■ Exercise material:

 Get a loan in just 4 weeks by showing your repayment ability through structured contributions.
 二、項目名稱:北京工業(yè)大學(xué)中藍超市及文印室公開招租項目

* * *

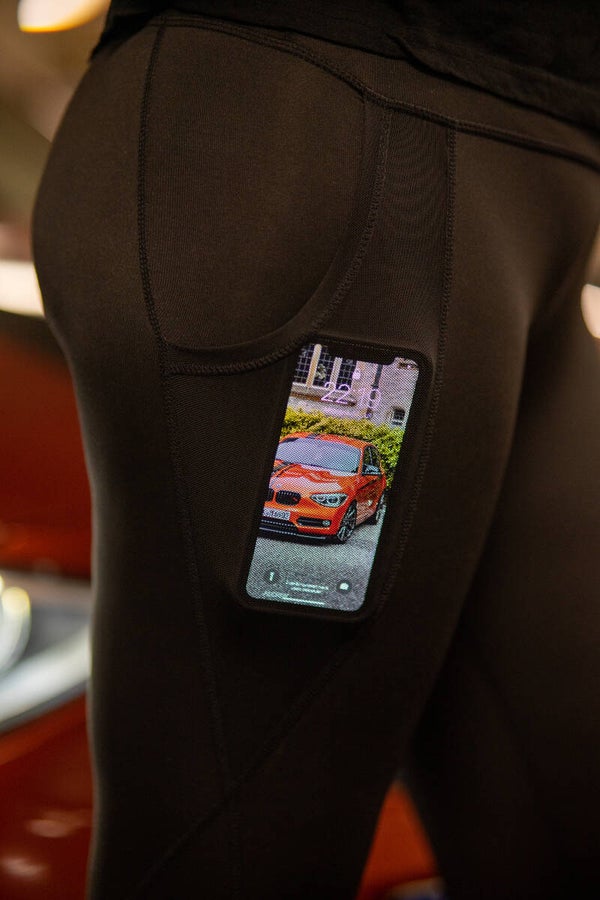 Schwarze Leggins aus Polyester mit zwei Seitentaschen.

--

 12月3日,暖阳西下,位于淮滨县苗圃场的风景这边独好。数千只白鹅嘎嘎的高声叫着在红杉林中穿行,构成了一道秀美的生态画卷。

■ What to do:
The response should hold exactly the lines starting at the line with "Get a loan in" and ending at the line with "二、項目名稱:北京工業(yè)大學(xué)中藍超市及文印室公開招租項目", and no other line of the material above.

■ Result:
 Get a loan in just 4 weeks by showing your repayment ability through structured contributions.
 二、項目名稱:北京工業(yè)大學(xué)中藍超市及文印室公開招租項目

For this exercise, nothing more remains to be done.